To reduce classifier complexity, we selected m/z values with p value less than 10^–10 (one-way ANOVA) across all species and subjected them to HCA. To further simplify the classifier, we used the K-nearest neighbor text categorization (KNN) method to select classifiers and validate their recognition rates by the leave-one-out method for cross-validation as well as an independent group of bacterial isolates (independent set 2).

For rapid classification, we implemented the Quick Classifier (QC), Support Vector Machine (SVM), and Genetic Algorithm (GA) embedded in the ClinProTools software for model generation. In the initial model construction stage, 57 clinical isolates of bacteria, the training set, were used to establish models as well as perform cross-validation procedures. Identification was defined as 100% matched to the species-specific m/z values in the model.

The performance of the classification models was evaluated by recognition capability (RC) and cross-validation achievement (CVA): RC = TP/n where TP is the number of true positives (correctly classified) in a data set and n is the number of samples in a data set, and CVA = TP'/n' where TP' is the number of true positives (correctly classified) in a 20% left-out data set and n' is the number of samples in a 20% left-out data set. RC is essential to internally evaluate the fitness of the classification models, whereas CVA is crucial to measure robustness of the resulting classification models.

For external validation, another set containing 37 characterized isolates was analyzed in a blind study (independent set 2) to examine the robustness of the models. Lastly 38 uncharacterized isolates (independent set 3) from the clinical specimens were used to evaluate the performance of the rapid classification method. The results were then compared with those determined by the conventional microbiologic procedures. The positive predictive value (PPV) and negative predictive value (NPV) were used to evaluate the performance and reliability of the models: PPV = TP/(TP + FP) where TP is the number of true positives (correctly classified) in a data set and FP is the number of false positives (misclassified), and NPV = TN/(TN + FN) where TN is the number of true negatives (correctly excluded from those species used for the model construction) in a data set and FN is the number of false negatives (misclassified).
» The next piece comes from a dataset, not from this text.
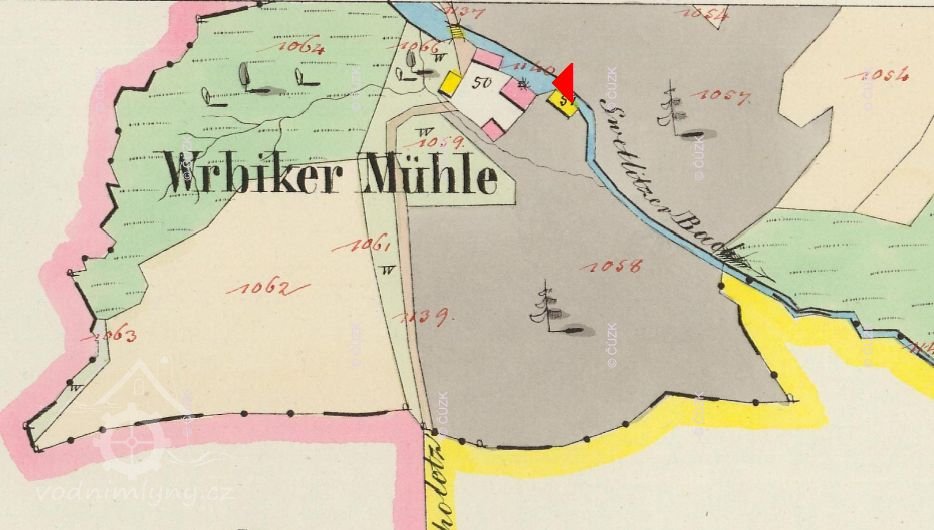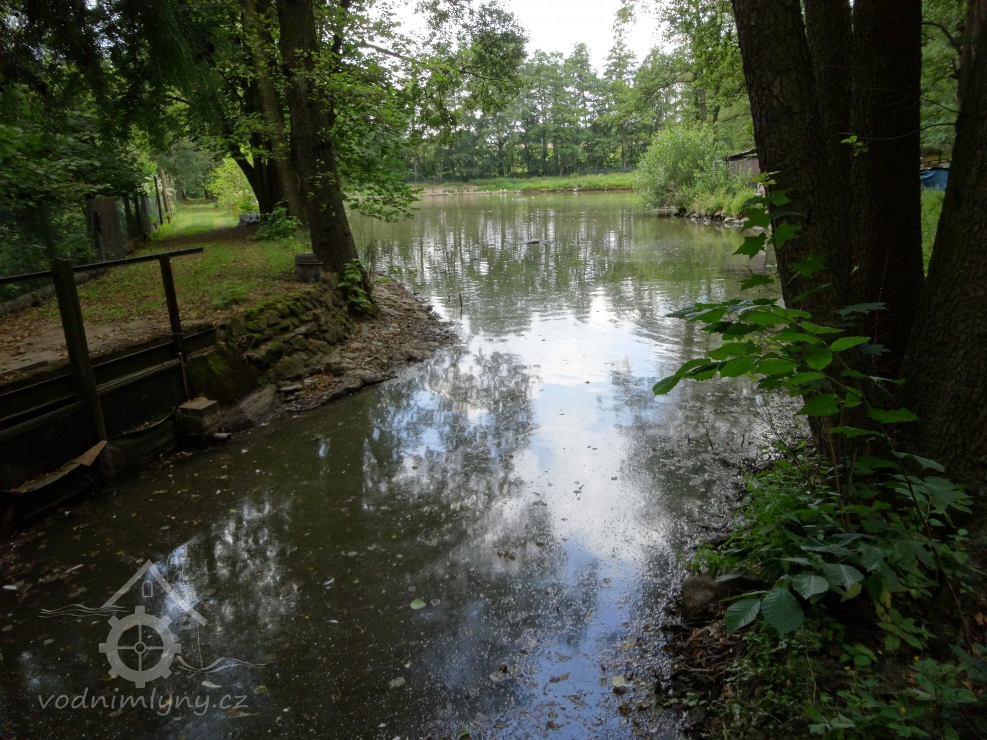 ...Na konci náhona jsou zřízeny vantroky 1,29 m široké a 0,59 m vysoké v délce 4,75 m. Pokračováním těchto starých vantrok je dřevěný žlab na počátku 94 cm a na konci 67 cm široky. Tímto žlabem pouští se voda do kolmé dřevěné roury jejíž půdorys je 50x80cm. Roura je ode dna 4 m vysoká, dole zkosená. Zkosený otvor je zabedněn deskami a až na část 5 cm čirokou se dá uzavřít dvoudílným stavítkem 50 a 30 cm širokým. Těmito stavítky se pouští voda na tzv. Peltonovo kolo.
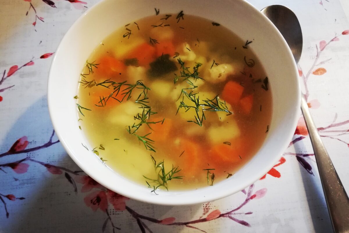 Zupa warzywna z lanymi (kładzionymi) kluskami

Determination of Detection Limits—
Bacteria (E. coli and S. aureus) were first cultured in regular LB medium for 24 h before counting the cell numbers. Aliquots were serially diluted 10 times with 5% glucose solution to determine the limit of detection. The number of bacteria was determined by colony formation on cultured dishes after overnight growth. One microliter of each aliquot sample was subsequently spotted onto MALDI target plates for analysis.

	RESULTS

TOP ABSTRACT EXPERIMENTAL PROCEDURES RESULTS DISCUSSION REFERENCES

 
Sample Preparation and System Reproducibility—
Several methods to prepare bacterial proteins for protein profiling by MALDI-TOF MS, including extraction of total cellular proteins, fractionation by differential affinity, and isolation of subpopulations using microbead-based chromatographic methods (C₈ and IMAC-copper, respectively) (29), were used but ended with low peak contents and low reproducibility of MS spectra (data not shown). In contrast, directly subjecting the bacterial colonies without further extraction to MALDI-TOF MS analysis resulted in rich peak contents of the spectra and the highest reproducibility (data not shown). Therefore, the latter approach was used to generate MS spectra for analysis in subsequent studies. System reproducibility was confirmed by randomly selecting two bacterial isolates for MALDI-TOF MS analysis (data not shown).

Work Flow of the Study—
Fig. 1 illustrates the work flow of this study. Initially 57 well characterized bacterial isolates composed of the six most common human pathogenic bacterial species (training set) were used to examine the feasibility of bacterial classification and identification based on the m/z spectra generated by MALDI-TOF MS. Two approaches were applied: unsupervised hierarchical clustering with subsequent classifier selection and direct model construction using the supervised methods such as Genetic Algorithm. The performance and reliability of the constructed models were evaluated by cross-validation and external validation using two additional sets of independently prepared bacterial isolates (independent set 2 and independent set 3).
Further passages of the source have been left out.